=== TASK ===
Restate each of the lines below word for word and drop every picture.

=== STORED DATA ===
+--
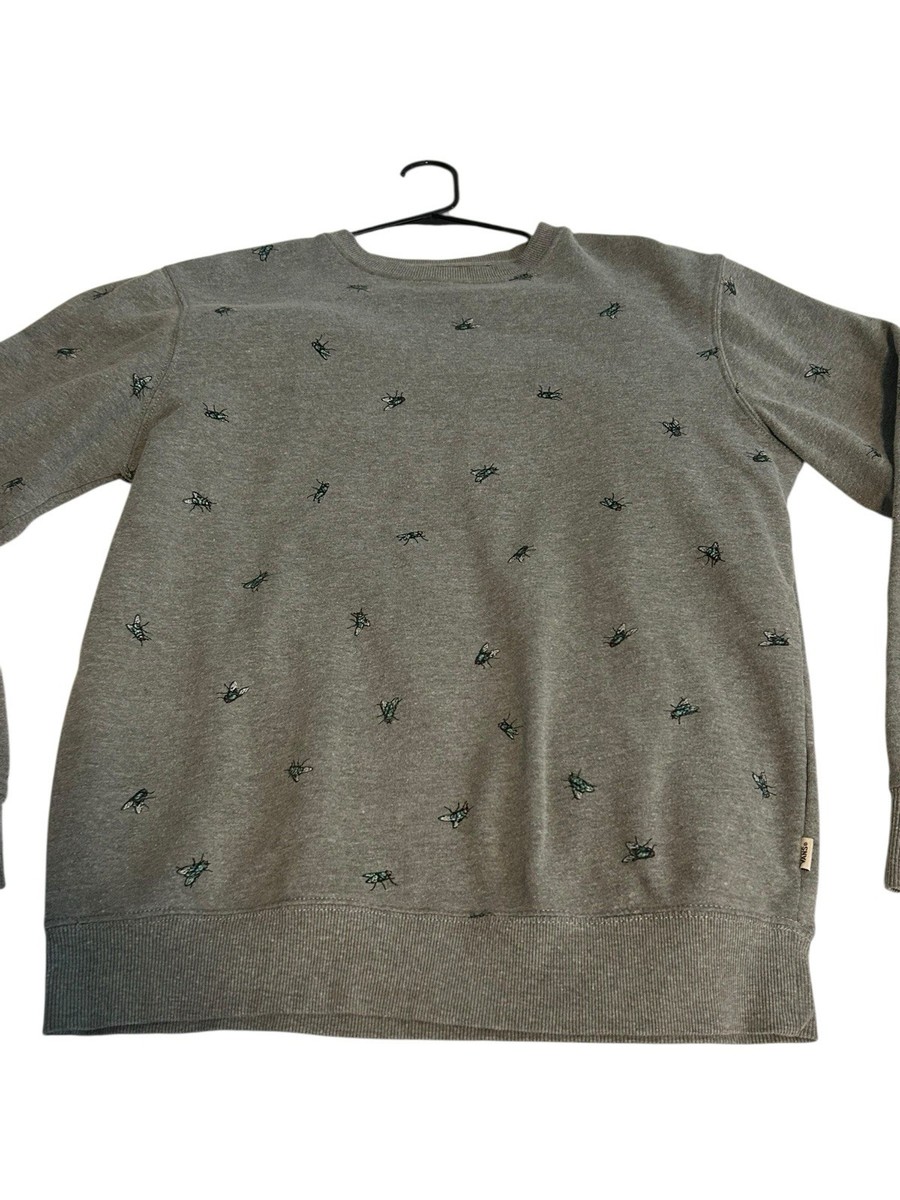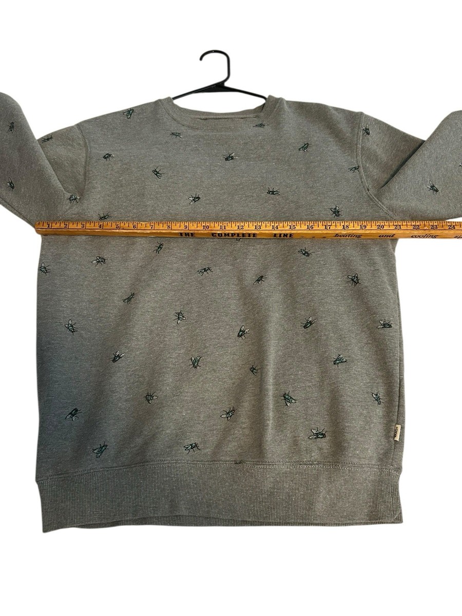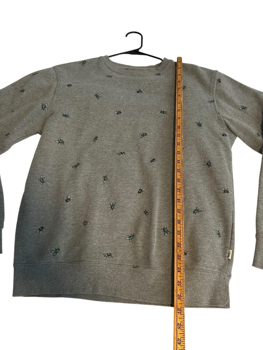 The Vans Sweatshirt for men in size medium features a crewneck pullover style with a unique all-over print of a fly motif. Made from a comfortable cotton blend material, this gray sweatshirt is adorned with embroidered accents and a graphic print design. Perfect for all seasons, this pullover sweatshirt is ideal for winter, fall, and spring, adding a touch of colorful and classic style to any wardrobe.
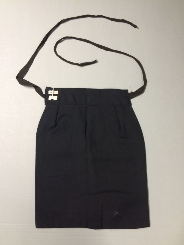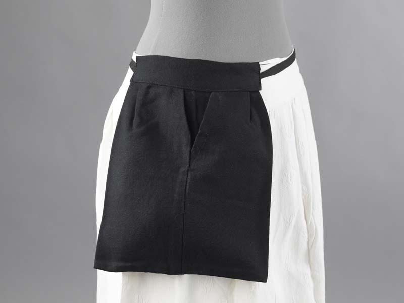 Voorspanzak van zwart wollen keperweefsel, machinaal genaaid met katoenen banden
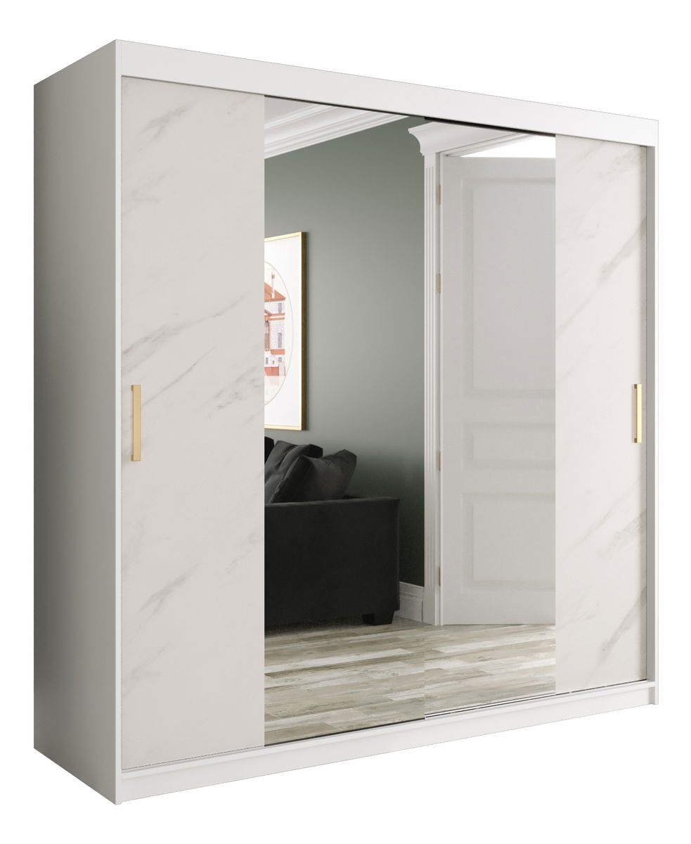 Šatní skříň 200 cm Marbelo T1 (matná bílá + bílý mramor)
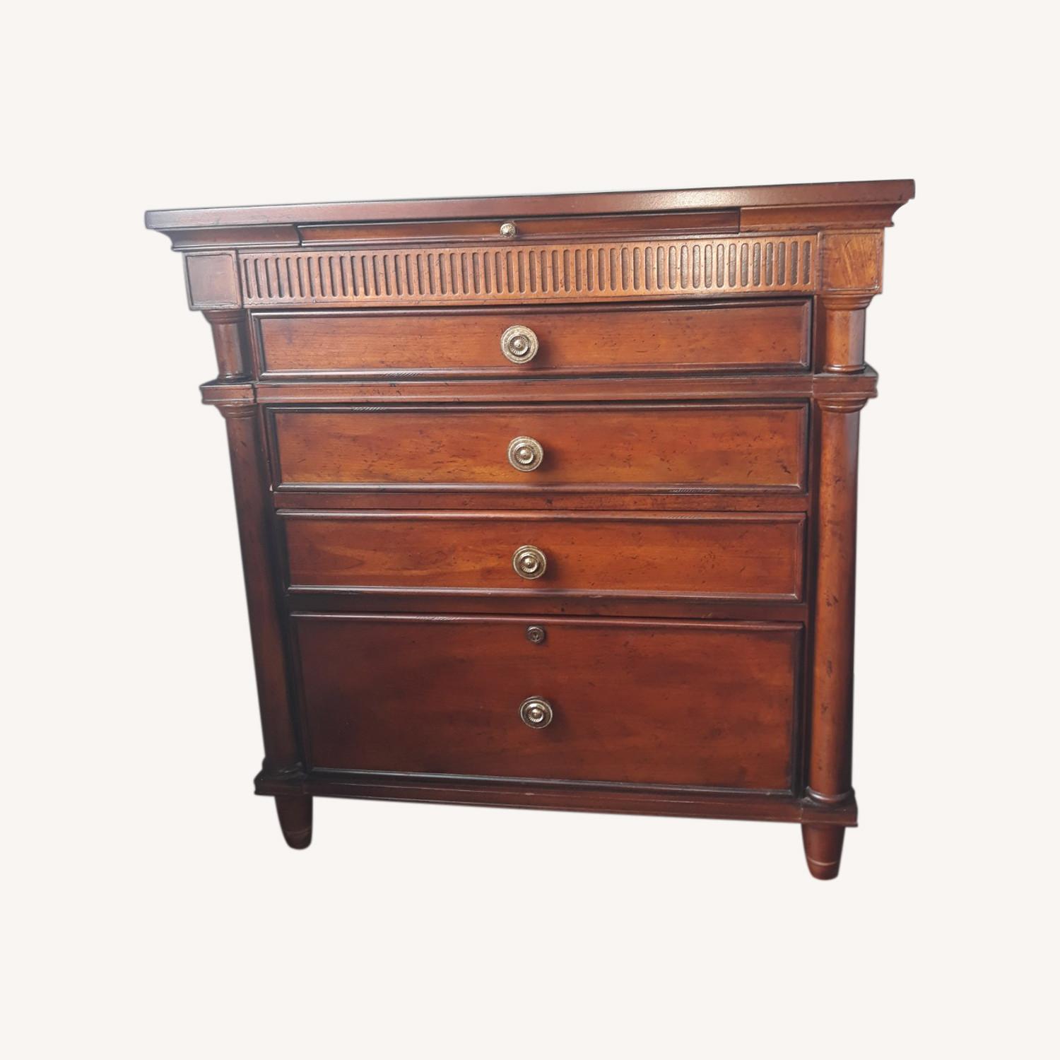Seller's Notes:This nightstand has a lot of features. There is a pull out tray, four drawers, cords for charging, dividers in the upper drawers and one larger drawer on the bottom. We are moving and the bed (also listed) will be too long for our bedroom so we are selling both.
+--
=== TASK RESULT ===
 The Vans Sweatshirt for men in size medium features a crewneck pullover style with a unique all-over print of a fly motif. Made from a comfortable cotton blend material, this gray sweatshirt is adorned with embroidered accents and a graphic print design. Perfect for all seasons, this pullover sweatshirt is ideal for winter, fall, and spring, adding a touch of colorful and classic style to any wardrobe.
 Voorspanzak van zwart wollen keperweefsel, machinaal genaaid met katoenen banden
 Šatní skříň 200 cm Marbelo T1 (matná bílá + bílý mramor)
Seller's Notes:This nightstand has a lot of features. There is a pull out tray, four drawers, cords for charging, dividers in the upper drawers and one larger drawer on the bottom. We are moving and the bed (also listed) will be too long for our bedroom so we are selling both.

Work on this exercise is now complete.